▶ SUPPLIED MATERIAL:
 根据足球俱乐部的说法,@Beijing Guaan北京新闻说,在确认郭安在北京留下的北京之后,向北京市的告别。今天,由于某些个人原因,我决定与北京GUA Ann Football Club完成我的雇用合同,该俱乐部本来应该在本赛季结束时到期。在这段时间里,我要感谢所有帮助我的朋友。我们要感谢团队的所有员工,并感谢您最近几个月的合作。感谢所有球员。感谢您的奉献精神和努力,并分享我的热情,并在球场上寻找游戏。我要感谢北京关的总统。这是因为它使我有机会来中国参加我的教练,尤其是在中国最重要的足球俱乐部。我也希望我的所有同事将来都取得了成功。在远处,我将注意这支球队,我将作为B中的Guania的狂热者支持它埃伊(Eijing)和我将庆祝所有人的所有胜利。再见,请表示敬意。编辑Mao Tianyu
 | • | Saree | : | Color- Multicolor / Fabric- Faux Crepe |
* * *
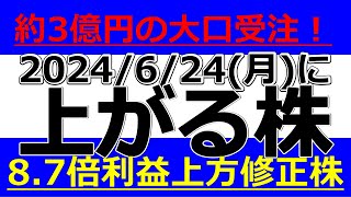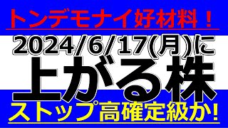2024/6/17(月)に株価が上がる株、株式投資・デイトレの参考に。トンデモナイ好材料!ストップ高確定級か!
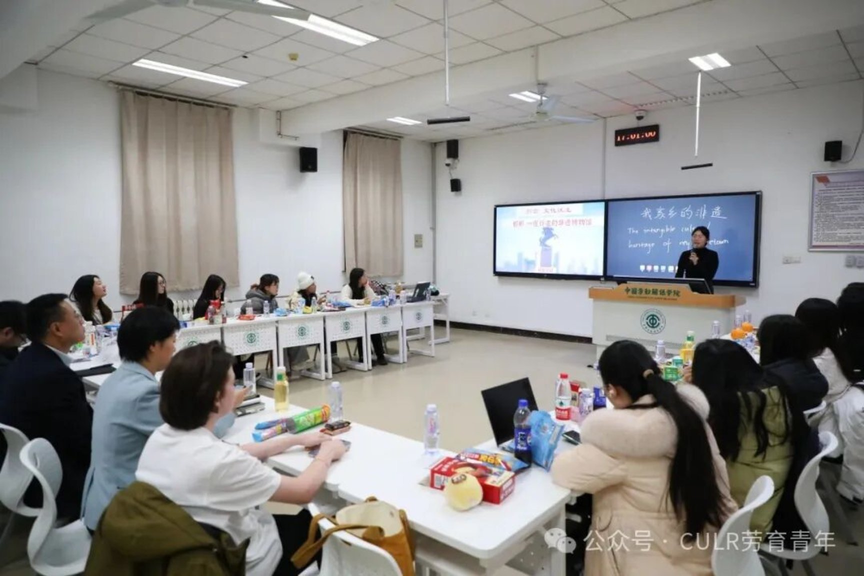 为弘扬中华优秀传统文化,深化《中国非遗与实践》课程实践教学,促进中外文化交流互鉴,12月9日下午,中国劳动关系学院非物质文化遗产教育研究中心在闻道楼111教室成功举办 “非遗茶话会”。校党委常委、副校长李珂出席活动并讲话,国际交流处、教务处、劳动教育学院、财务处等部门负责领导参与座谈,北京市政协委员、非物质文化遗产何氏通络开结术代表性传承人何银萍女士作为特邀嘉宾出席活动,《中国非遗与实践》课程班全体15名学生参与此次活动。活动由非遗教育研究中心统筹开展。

▶ EXERCISE GOAL:
Copy the entries above exactly, but only the stretch from the line containing "2024/6/17(月)に株" through the line containing "为弘扬中华优秀传统文化,深化". Keep both end lines; drop the pictures.

▶ SOLUTION FOR THIS TASK:
2024/6/17(月)に株価が上がる株、株式投資・デイトレの参考に。トンデモナイ好材料!ストップ高確定級か!
 为弘扬中华优秀传统文化,深化《中国非遗与实践》课程实践教学,促进中外文化交流互鉴,12月9日下午,中国劳动关系学院非物质文化遗产教育研究中心在闻道楼111教室成功举办 “非遗茶话会”。校党委常委、副校长李珂出席活动并讲话,国际交流处、教务处、劳动教育学院、财务处等部门负责领导参与座谈,北京市政协委员、非物质文化遗产何氏通络开结术代表性传承人何银萍女士作为特邀嘉宾出席活动,《中国非遗与实践》课程班全体15名学生参与此次活动。活动由非遗教育研究中心统筹开展。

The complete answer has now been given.